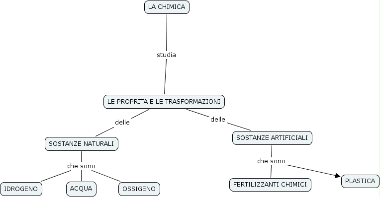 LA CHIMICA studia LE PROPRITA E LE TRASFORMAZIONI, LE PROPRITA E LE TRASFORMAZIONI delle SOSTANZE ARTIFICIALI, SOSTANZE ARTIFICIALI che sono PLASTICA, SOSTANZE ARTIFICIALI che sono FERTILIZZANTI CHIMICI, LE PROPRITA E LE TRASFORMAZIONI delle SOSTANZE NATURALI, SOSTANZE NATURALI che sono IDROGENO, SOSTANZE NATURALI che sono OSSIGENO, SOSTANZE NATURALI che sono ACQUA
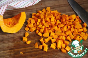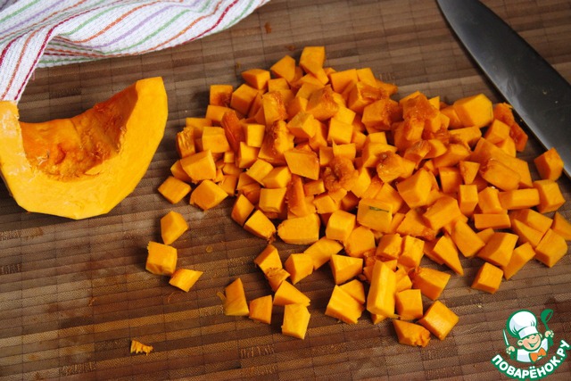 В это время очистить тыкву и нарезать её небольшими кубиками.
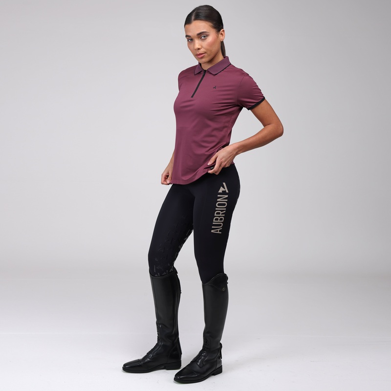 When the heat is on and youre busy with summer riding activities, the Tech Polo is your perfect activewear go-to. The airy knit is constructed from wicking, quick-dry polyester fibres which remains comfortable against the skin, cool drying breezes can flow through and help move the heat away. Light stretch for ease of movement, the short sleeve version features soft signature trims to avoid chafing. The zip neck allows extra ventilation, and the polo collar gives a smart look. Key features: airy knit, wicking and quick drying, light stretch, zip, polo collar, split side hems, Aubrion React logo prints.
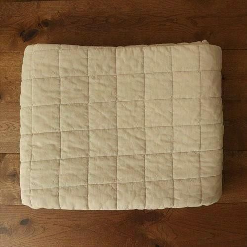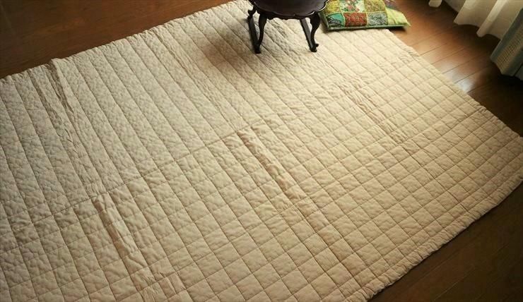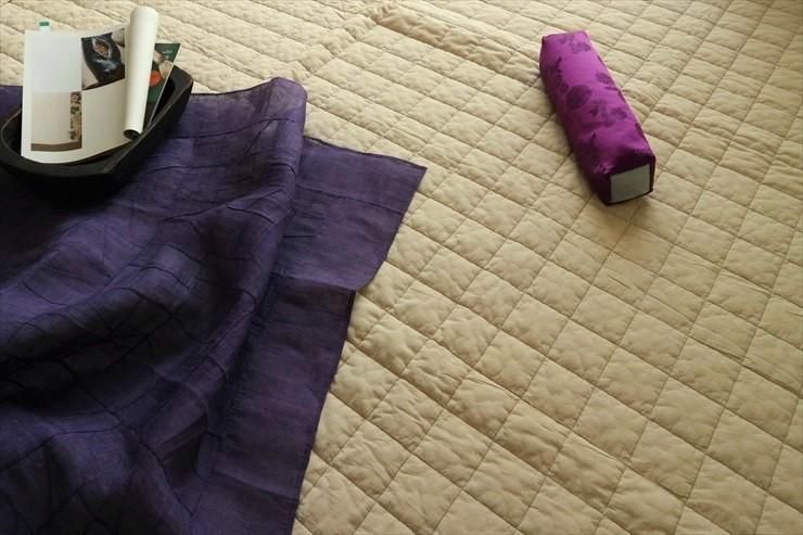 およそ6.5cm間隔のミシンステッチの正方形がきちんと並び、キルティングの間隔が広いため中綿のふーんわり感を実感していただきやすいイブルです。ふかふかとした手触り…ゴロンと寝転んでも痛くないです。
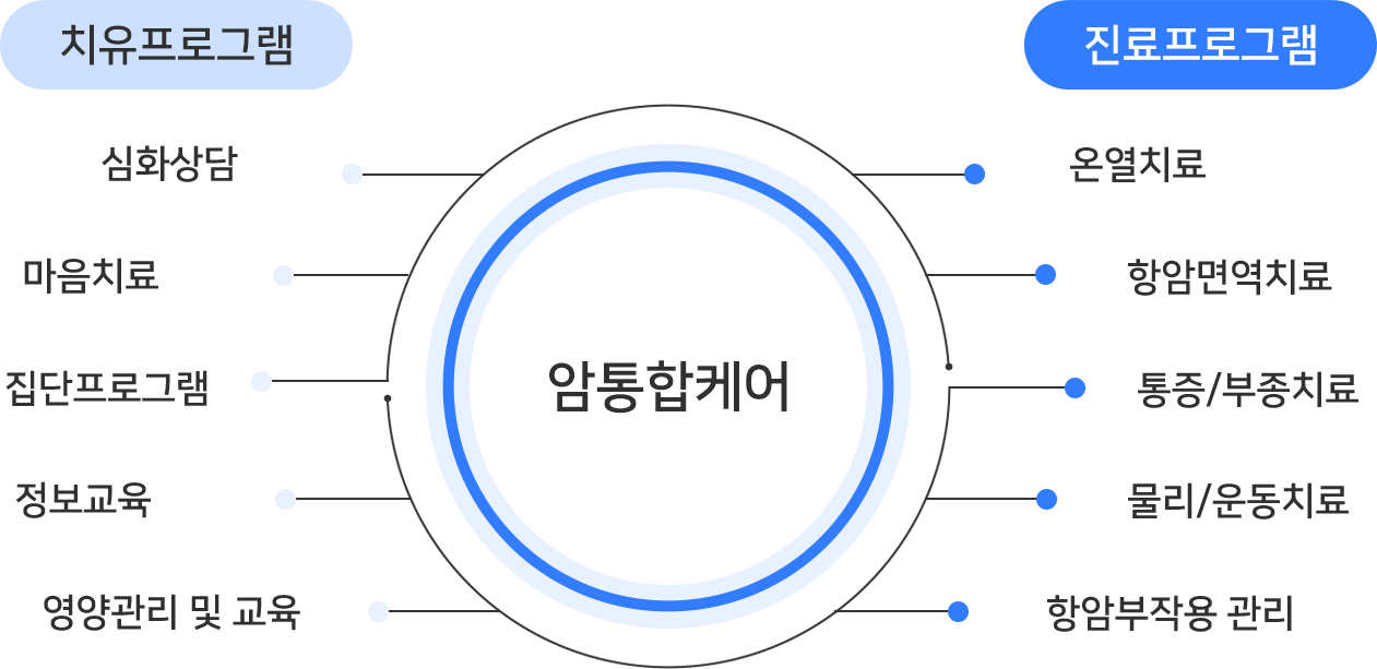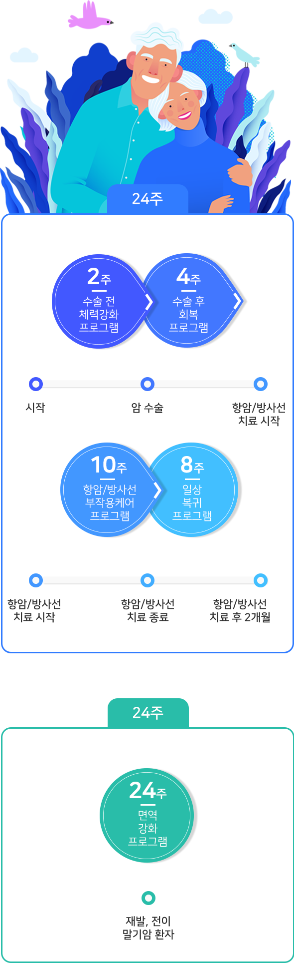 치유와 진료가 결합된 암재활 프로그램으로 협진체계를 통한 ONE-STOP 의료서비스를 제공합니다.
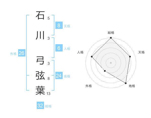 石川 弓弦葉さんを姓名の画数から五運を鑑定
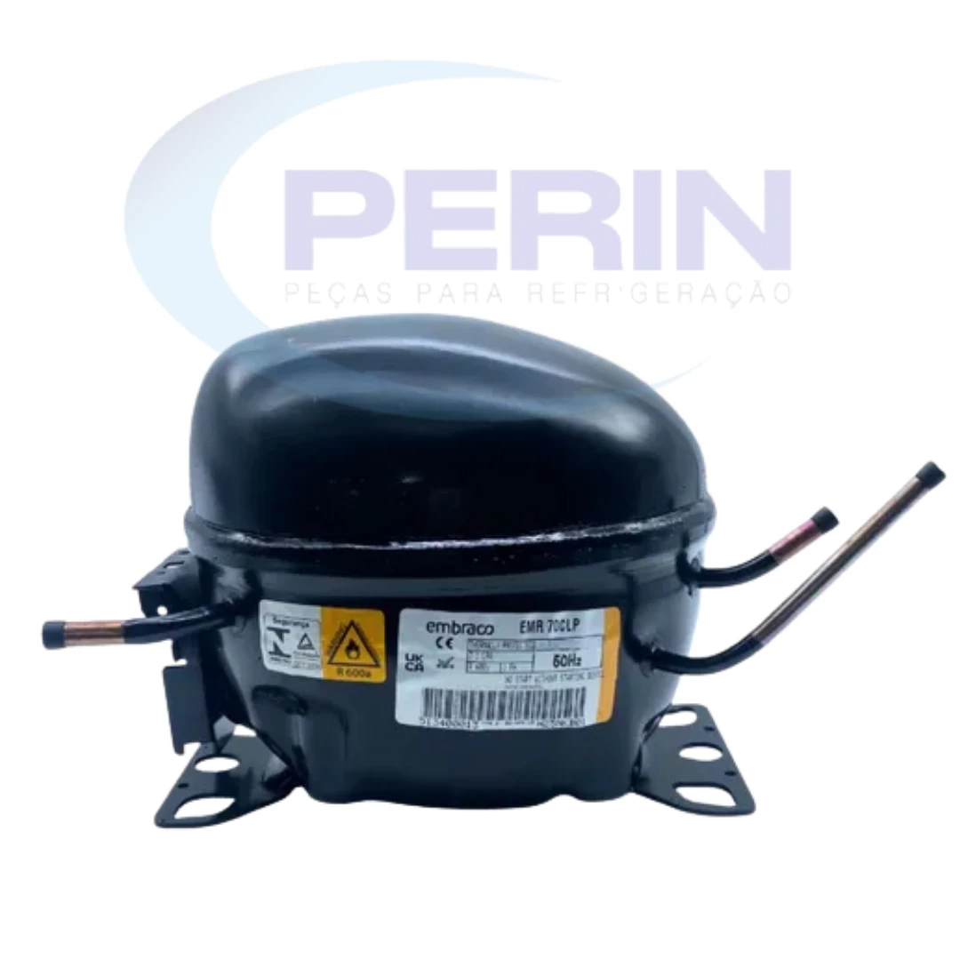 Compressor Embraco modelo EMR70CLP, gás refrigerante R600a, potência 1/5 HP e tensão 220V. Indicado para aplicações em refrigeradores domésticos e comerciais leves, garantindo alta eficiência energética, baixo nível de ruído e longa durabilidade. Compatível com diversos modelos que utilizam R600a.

• • • • •

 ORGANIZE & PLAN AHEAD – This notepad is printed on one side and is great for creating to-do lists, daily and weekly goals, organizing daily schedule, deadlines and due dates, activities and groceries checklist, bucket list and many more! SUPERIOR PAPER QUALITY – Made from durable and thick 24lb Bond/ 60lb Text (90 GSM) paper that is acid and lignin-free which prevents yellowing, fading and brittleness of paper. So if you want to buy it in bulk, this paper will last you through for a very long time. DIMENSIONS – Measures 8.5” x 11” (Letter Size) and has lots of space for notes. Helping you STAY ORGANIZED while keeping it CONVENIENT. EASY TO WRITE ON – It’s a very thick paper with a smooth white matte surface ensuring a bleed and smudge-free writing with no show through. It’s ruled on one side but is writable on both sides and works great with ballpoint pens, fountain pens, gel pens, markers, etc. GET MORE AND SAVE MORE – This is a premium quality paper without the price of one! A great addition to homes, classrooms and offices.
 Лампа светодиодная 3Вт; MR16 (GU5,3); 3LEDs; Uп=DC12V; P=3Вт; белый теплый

• • • • •

ABOUT THIS EXERCISE:
A verbatim reproduction is expected: starting at the line above that has "LA CHIMICA studia", ending at the line that has "В это время", both included, and with no pictures and no other lines.

TASK RESPONSE:
 LA CHIMICA studia LE PROPRITA E LE TRASFORMAZIONI, LE PROPRITA E LE TRASFORMAZIONI delle SOSTANZE ARTIFICIALI, SOSTANZE ARTIFICIALI che sono PLASTICA, SOSTANZE ARTIFICIALI che sono FERTILIZZANTI CHIMICI, LE PROPRITA E LE TRASFORMAZIONI delle SOSTANZE NATURALI, SOSTANZE NATURALI che sono IDROGENO, SOSTANZE NATURALI che sono OSSIGENO, SOSTANZE NATURALI che sono ACQUA
 В это время очистить тыкву и нарезать её небольшими кубиками.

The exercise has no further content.